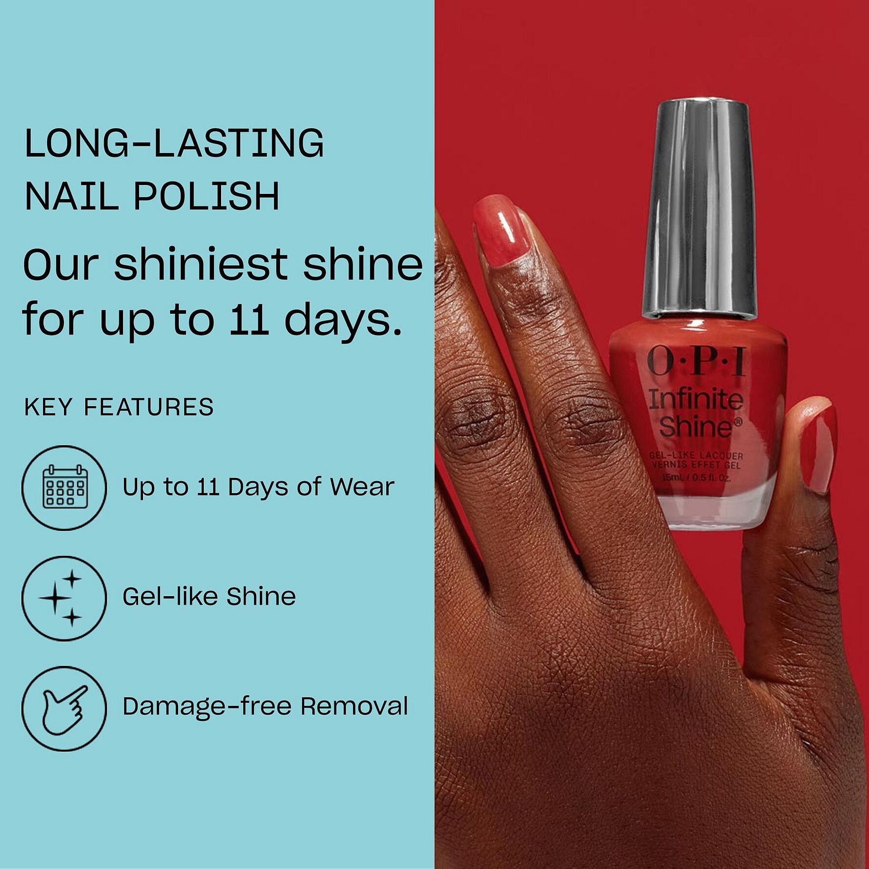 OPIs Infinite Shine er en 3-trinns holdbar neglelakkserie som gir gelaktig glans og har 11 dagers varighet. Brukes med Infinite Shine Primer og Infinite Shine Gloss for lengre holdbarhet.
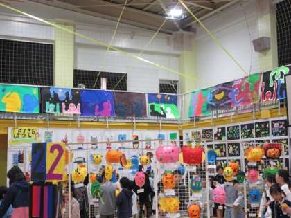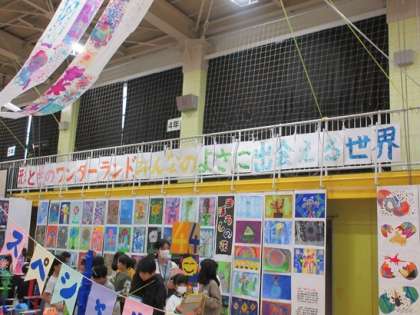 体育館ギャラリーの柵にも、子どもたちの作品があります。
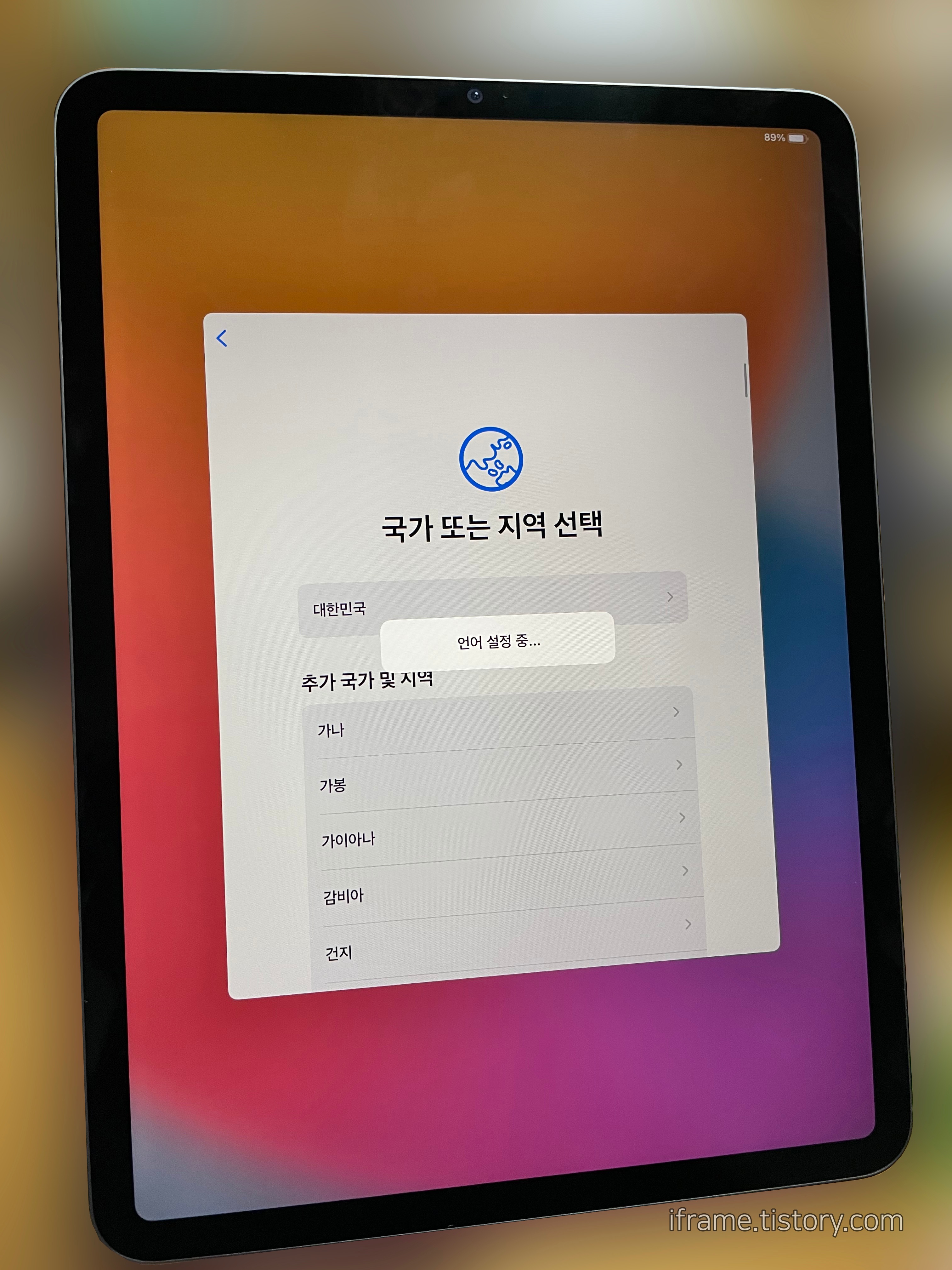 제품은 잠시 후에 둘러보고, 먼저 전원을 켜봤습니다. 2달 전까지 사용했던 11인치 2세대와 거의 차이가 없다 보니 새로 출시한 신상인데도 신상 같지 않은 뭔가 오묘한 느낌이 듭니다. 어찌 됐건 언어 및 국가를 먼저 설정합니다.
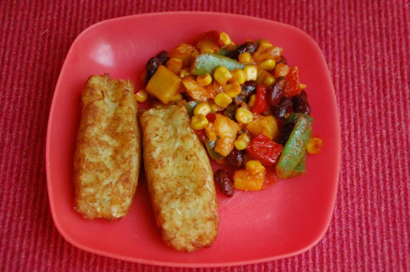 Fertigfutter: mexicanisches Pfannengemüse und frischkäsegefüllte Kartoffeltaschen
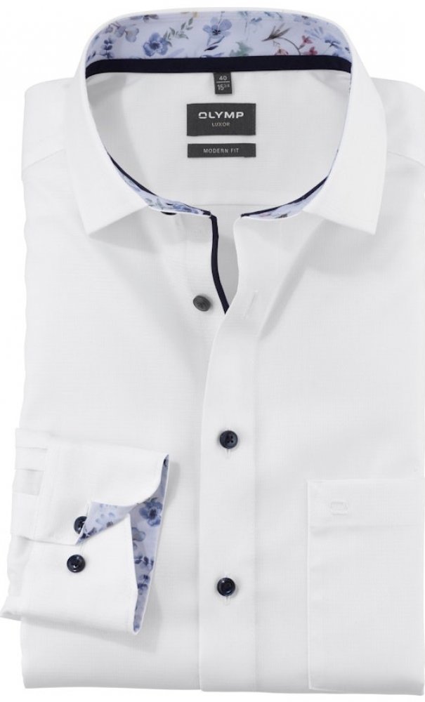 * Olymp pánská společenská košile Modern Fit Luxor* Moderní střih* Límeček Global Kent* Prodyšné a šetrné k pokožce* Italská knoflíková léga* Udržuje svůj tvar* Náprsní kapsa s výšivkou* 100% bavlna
====
Goal of the exercise: Could you repeat exactly the lines from the one containing "제품은 잠시 후에 둘러보고, 먼저" to the last line of the records, both included, and leave out every picture?

Response to this exercise:
 제품은 잠시 후에 둘러보고, 먼저 전원을 켜봤습니다. 2달 전까지 사용했던 11인치 2세대와 거의 차이가 없다 보니 새로 출시한 신상인데도 신상 같지 않은 뭔가 오묘한 느낌이 듭니다. 어찌 됐건 언어 및 국가를 먼저 설정합니다.
 Fertigfutter: mexicanisches Pfannengemüse und frischkäsegefüllte Kartoffeltaschen
 * Olymp pánská společenská košile Modern Fit Luxor* Moderní střih* Límeček Global Kent* Prodyšné a šetrné k pokožce* Italská knoflíková léga* Udržuje svůj tvar* Náprsní kapsa s výšivkou* 100% bavlna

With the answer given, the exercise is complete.